Narrow, Recyclable, and Unsuccessful at Stopping Olympic Athlete Orgies
Olympic athletes who competed during the 2020 Olympic Games in Tokyo, Japan have a lot of associated memories. One of their least favorite memories relates to the so-called “anti-sex” beds that they did their best to sleep on.
Intended to be sustainably produced and recyclable, the narrow twin frames and their mattresses were manufactured by a company named Airweave, and are just wide and sturdy enough for one person, but not two. During the height of COVID-19 transmission, the unintended side-effect of discouraging couple or multiple-partner sex may have seemed like a bonus to event organizers worried about infection levels.
Laurent Michaud, director of the 2024 Paris Olympic Village, told the Daily Star that 300,000 condoms will be available for the 14,000 athletes, residents, members of the press, and guests during the upcoming 2024 Paris Summer Olympics.
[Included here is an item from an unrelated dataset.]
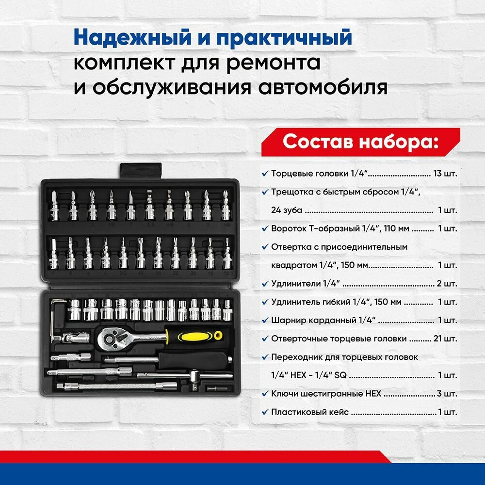 Набор инструментов 46 предметов "Гаражный" интересное:

CamSoda has offered to donate 1,000 bottles of its Gold Medal lube. These are the fundamentals for a good time. Add the inspiring beauty of Saint-Denis, France, and the pulses of young, healthy, and physically active people are bound to race, whether they belong to gymnasts or track stars.
According to the New York Post, the Airweave “anti-sex” beds are back.
If the past can be taken as prologue, although athletes may not get the kind of rest they need before competing, they’re not going to miss out on any sexual shenanigans just because their cardboard bed will collapse.
Previous Olympic sex antics have included hot tub orgies, truckloads of condoms, room swapping, “do not enter” socks on doorknobs, London Olympic foursomes, balcony trysts, courtyard sex, and between building encounters. Matthew Syed, 1992 Barcelona Olympic table tennis star, told The Times of London that he “got laid more often in those two and a half weeks than in the rest of my life up to that point.”
Airweave insists that its beds are up to the challenge of two people, citing experiments that include dropping weights onto them. To test the truth of that claim, Irish gymnast Rhys McClenaghan put one of the beds through its paces. He posted a video of himself jumping up and down on it. Both he and the bed emerged unscathed. “Apparently, they’re meant to break at any sudden movements,” he observed. “It’s fake news.”